Un troisième élément est l’évolution possible au niveau du monde politique. Obama a fait passer la réforme du système des soins de santé aux Etats-Unis. Cette réforme est insuffisante, d’accord, mais il est passé au-dessus des résistances à partir d’une vision à long terme. Une percée du même genre au niveau du climat aurait d’énormes conséquences dans le monde entier. Vu le rôle clé des USA et leur responsabilité majeure, cela pourrait provoquer un effet domino, notamment au niveau de la Chine. Le quatrième élément est l’opinion publique. Mais je le cite en dernier lieu car je suis bien conscient du fait que la majorité de la population a aujourd’hui d’autres préoccupations, à plus court terme.

« Nature », dans un éditorial récent, a décrit le désarroi des scientifiques qui se sont crus invités à un débat et qui se retrouvent confrontés à des méthodes de voyous de la part des sceptiques. La revue appelle les chercheurs à riposter par les mêmes méthodes.
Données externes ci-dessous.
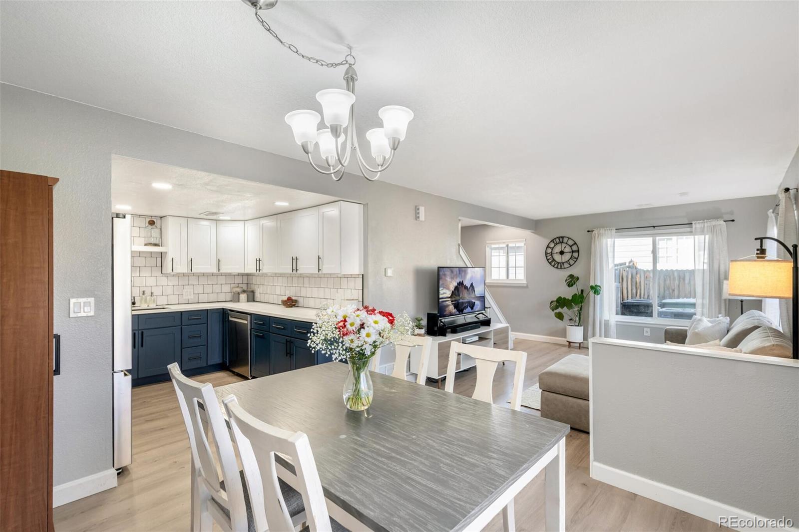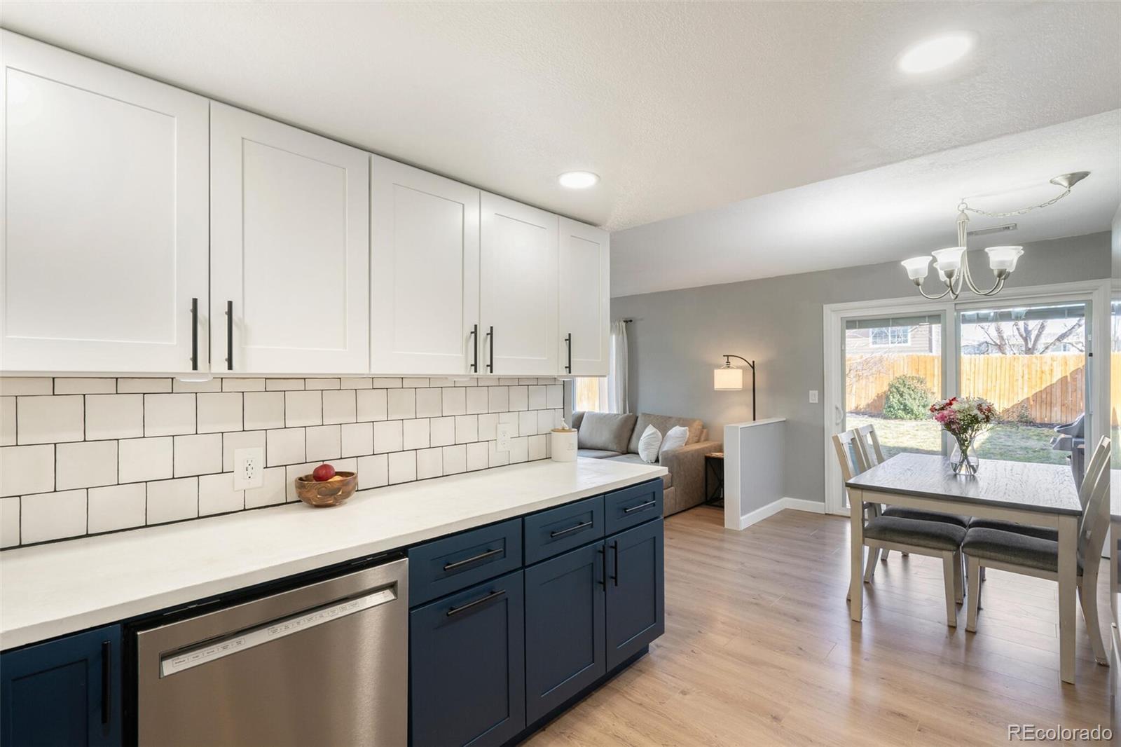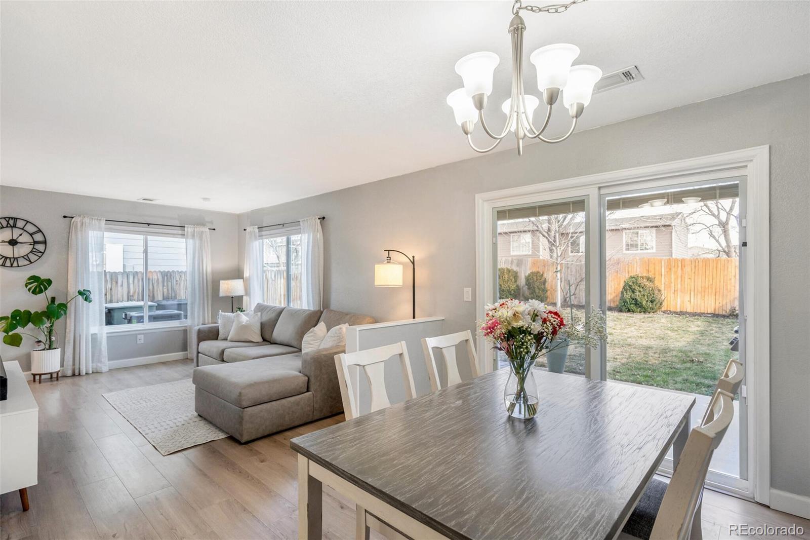 Adorable updated two-story home in the desirable Deer Run neighborhood in central Thornton location. This half duplex lives like a single family with private entrance and large backyard. Step inside to an inviting main level where the living, dining, and kitchen areas flow seamlessly together, enhanced by abundant natural light. The kitchen has been thoughtfully updated with newer stainless steel appliances including gas five burner range, concrete counters with generous prep space, and a functional layout perfect for everyday living and entertaining. A convenient mudroom near attached 2-car garage and updated powder bath complete this level. Upstairs, you’ll find a spacious king size primary bedroom featuring an updated attached bath. Two additional guest bedrooms round out the upper level, offering flexibility for family, guests, or a home office. Outside, the large paver brick patio and landscaped backyard provide plenty of space for kids and dogs to play, all enclosed by a six-foot privacy fence. Additional updates to the property include newer exterior paint and roof, new driveway and sidewalk, and new vinyl flooring throughout main level. Ideally located near shopping and entertainment like Topgolf and The Orchard Town Center, plus popular local spots such as Blue Agave Grill, Postino’s, and Snooze A.M. Eatery, this home offers both comfort and convenience in one fantastic location. Commuters and adventurers alike will appreciate access to the RTD N Line — the Denver metro’s commuter rail connecting Thornton and the north suburbs to downtown Denver. Come check out this home today!
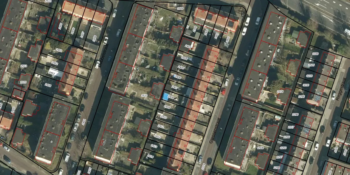 Gebruik de zoekbalk of klik op een perceel om informatie over het perceel te bekijken.
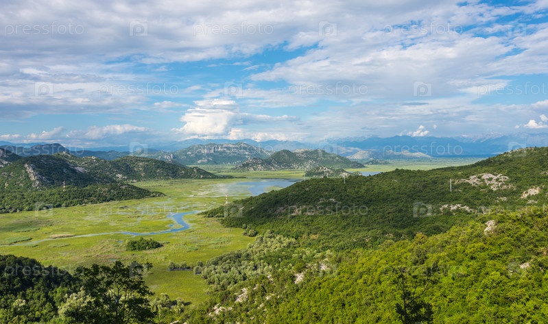 Красивые пейзажи Скадарского (Скодерского) озера среди гор. Озеро заросло травой. Черногория, Европа
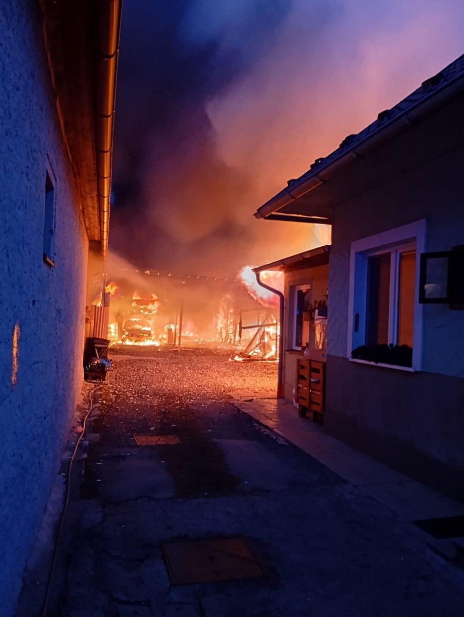 Galéria k článku Požiar v Spišskom Štiavniku: Škoda je v státisícoch eur, zhorela autodielňa, kde bolo 5 áut
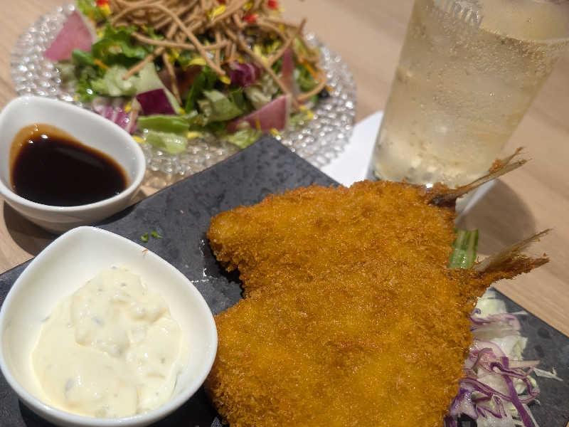 アジを揚げたものと草と水分

N’est-ce pas dangereux ?

JPvY : « Science as a contact sport » est le titre d’un nouveau livre du climatologue Stephen Schneider. Le fait est que les scientifiques ont très peu l’habitude d’être pris dans des débats où on les agresse à coups d’arguments fallacieux sous-tendus par des intérêts socio-économiques. Il y a chez de nombreux scientifiques une certaine naïveté par rapport au débat politique, ce qui explique la surprise face aux attaques des sceptiques, y compris au sein du GIEC . La virulence et les moyens utilisés pour nous décrédibiliser en ont surpris plus d’un. Il n’est pas question de riposter avec les mêmes armes : les citoyens seraient légitimement amenés à conclure que les deux parties sont à renvoyer dos à dos. Les gens se diraient « tous pourris » et ne feraient rien. Ceci dit, recourir aux médias en choisissant soigneusement le moment, les termes employés, les arguments développés : rien de cela n’est malhonnête en soi.

Il y a actuellement au sein du GIEC une réflexion sur la stratégie de communication. Nous voulons nous aussi tirer parti de ce que les médias peuvent apporter, mais nous le ferons évidemment sur la base d’arguments honnêtes, fondés scientifiquement, en expliquant et en réexpliquant sans relâche, en faisan appel à la raison. Ce point est très important. L’emprise plus grande des sceptiques aux Etats-Unis n’est pas sans rapport avec le niveau plus bas de culture scientifique au sein de la population.

En Europe, on n’enseigne pas en parallèle la théorie de l’évolution et le créationnisme aux élèves. Si nous faisions autrement, nous perdrions à terme toute crédibilité. C’est d’ailleurs la raison pour laquelle je suis très réticent à exploiter des évènements graves ou catastrophiques pour dire : vous voyez, c’est à cause du changement climatique.

On connaît la tendance générale, on sait que les changements climatiques sont en marche, mais on ne peut pas dire avec certitude que telle canicule précise en est la preuve. Il faut rester plus prudent et éviter le sensationnalisme. Le problème climatique est déjà suffisamment grave comme cela.